本申请实施例提供的像素驱动电路及显示面板,采用5T2C结构的像素驱动电路对每一像素中的驱动晶体管的阈值电压进行有效补偿,且通过获取初始阈值电压以及实时阈值电压对该驱动电路进行补偿,该像素驱动电路的补偿结构较为简单,效果更佳,从而在设计时并不需要占用大量面积。

Description

像素驱动电路及显示面板 技术领域
本申请涉及显示技术领域,具体涉及一种像素驱动电路及显示面板。
背景技术
OLED(Organic Light Emitting Diode,有机发光二极管)显示面板具有高亮度、宽视角、响应速度快、低功耗等优点,目前已被广泛地应用于高性能显示领域中。其中,在OLED显示器面板中,像素被设置成包括多行、多列的矩阵状,每一像素通常采用由两个晶体管与一个电容构成,俗称2T1C电路,但晶体管存在阈值电压漂移的问题,因此,OLED像素驱动电路需要相应的补偿结构。目前,OLED像素驱动电路的补偿结构较为复杂,在设计布局时占用大量面积,不利于高PPI(Pixels Per Inch,像素密度)显示面板的设计。
技术问题
本申请实施例的目的在于提供一种像素驱动电路及显示面板,能够解决现有的像素驱动电路的补偿结构较为复杂,在设计布局时占用大量面积,且补偿效果不佳的技术问题。
技术解决方案
本申请实施例提供一种像素驱动电路,包括:存储电容模块、发光模块、数据信号输入模块以及感测模块;
所述存储电容模块与第一节点、第二节点以及第三节点电性连接,所述发光模块与所述第一节点、所述第二节点以及所述第三节点电性连接,所述数据信号输入模块与所述第一节点电性连接,所述感测模块与所述第二节点电性连接;
所述存储电容模块用于存储所述第一节点的电位、所述第二节点的电位以及所述第三节点的电位;
所述发光模块接入第一控制信号以及第二控制信号,用于在所述第一控制信号、所述第二控制信号以及所述第一节点的电位控制下发光;
所述数据信号输入模块接入第三控制信号以及数据信号,用于在所述第三控制信号的控制下,将所述数据信号输出至所述第一节点;
所述感测模块接入第四控制信号,用于在所述第四控制信号的控制下,探测所述发光模块的初始阈值电压;
其中,所述数据信号输入模块还用于在所述第三控制信号的控制下,根据所述初始阈值电压将补偿后的所述数据信号输出至所述第一节点;
所述存储电容模块包括第一电容以及第二电容;
所述第一电容的第一端与所述第一节点电性连接,所述第一电容的第二端与所述第二节点电性连接;
所述第二电容的第一端与所述第三节点电性连接,所述第二电容的第二端与所述第二节点电性连接;
所述第一控制信号,所述第二控制信号、所述第三控制信号以及所述第四控制信号均由外部时序器提供。
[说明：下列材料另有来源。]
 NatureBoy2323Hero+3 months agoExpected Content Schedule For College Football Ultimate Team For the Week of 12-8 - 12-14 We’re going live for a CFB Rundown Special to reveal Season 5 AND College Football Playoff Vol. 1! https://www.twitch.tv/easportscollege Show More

在本申请所述的像素驱动电路中,所述发光模块包括第一晶体管、第二晶体管、第三晶体管以及发光器件;
所述第一晶体管的栅极电性连接于所述第一控制信号,所述第一晶体管的源极电性连接于第一电源信号,所述第一晶体管的漏极电性连接于所述第二晶体管的源极;
所述第二晶体管的栅极电性连接于所述第一节点,所述第二晶体管的漏极电性连接于所述第二节点;
所述第三晶体管的栅极电性连接于所述第二控制信号,所述第三晶体管的源极电性连接于所述第二节点,所述第三晶体管的漏极电性连接于所述发光器件的阳极;
所述发光器件的阴极电性连接于第二电源信号。
在本申请所述的像素驱动电路中,所述数据信号输入模块包括第四晶体管;
所述第四晶体管的栅极电性连接于所述第三控制信号,所述第四晶体管的源极电性连接于所述数据信号,所述第四晶体管的漏极电性连接于所述第一节点。
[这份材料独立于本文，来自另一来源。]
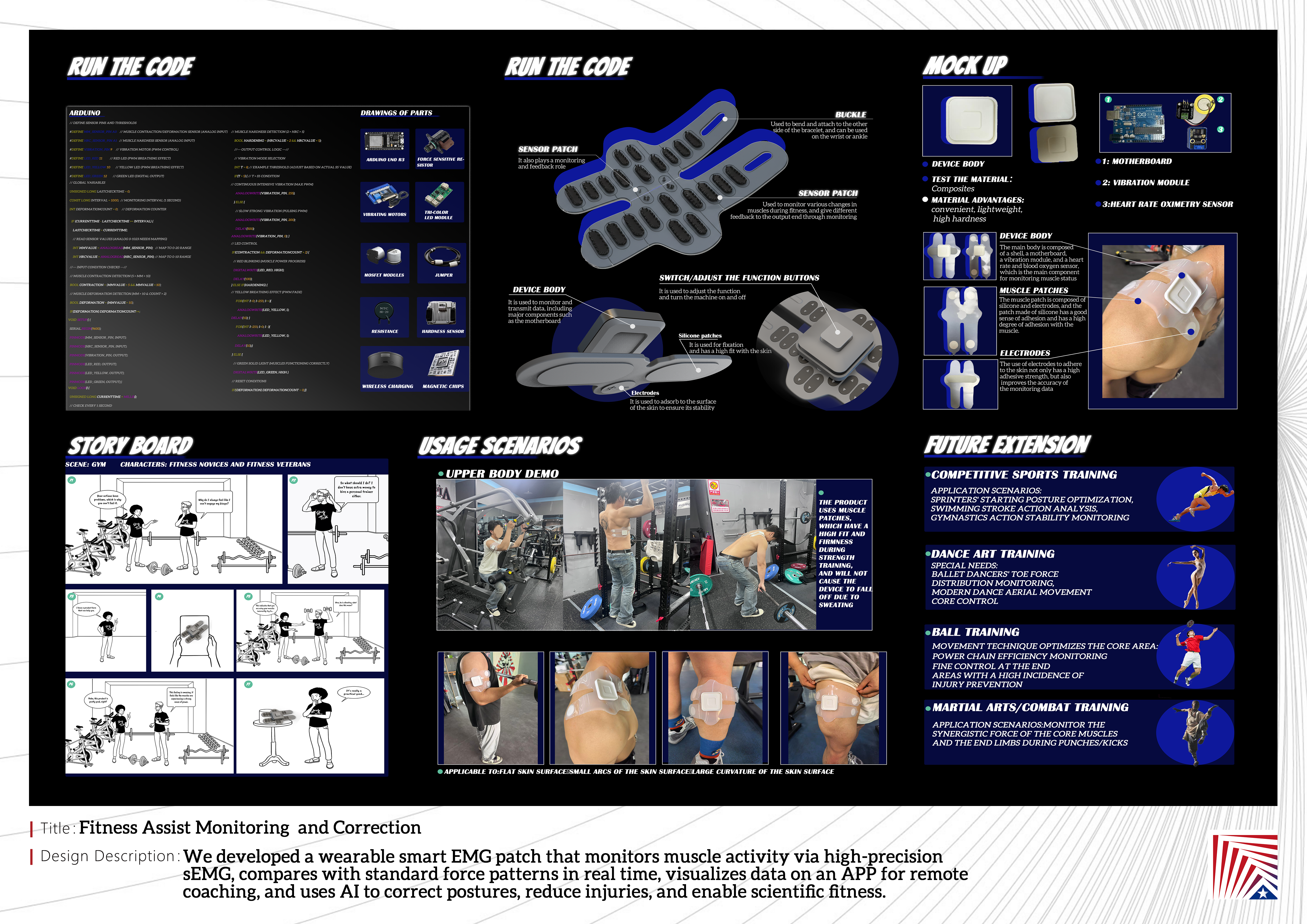 作品说明:In order to solve the problems of sports injuries and inefficient training caused by incorrect postures for fitness novices, we have developed a wearable smart electromyographic patch. The patch monitors muscle activity through high-precision electromyographic signals (sEMG), compares the standard force pattern in real time, and determines the accuracy of the movement.

在本申请所述的像素驱动电路中,所述感测模块包括第五晶体管;
所述第五晶体管的栅极电性连接于所述第四控制信号,所述第五晶体管的源极电性连接于电压探测模块,所述第五晶体管的漏极电性连接于所述第二节点;所述电压探测模块用于输出一初始电压至所述第二节点,或者通过探测所述第二节点的电位计算出所述初始阈值电压。
在本申请所述的像素驱动电路中,所述第一晶体管、所述第二晶体管、所述第三晶体管、所述第四晶体管以及所述第五晶体管均为低温多晶硅薄膜晶体管、氧化物半导体薄膜晶体管或非晶硅薄膜晶体管。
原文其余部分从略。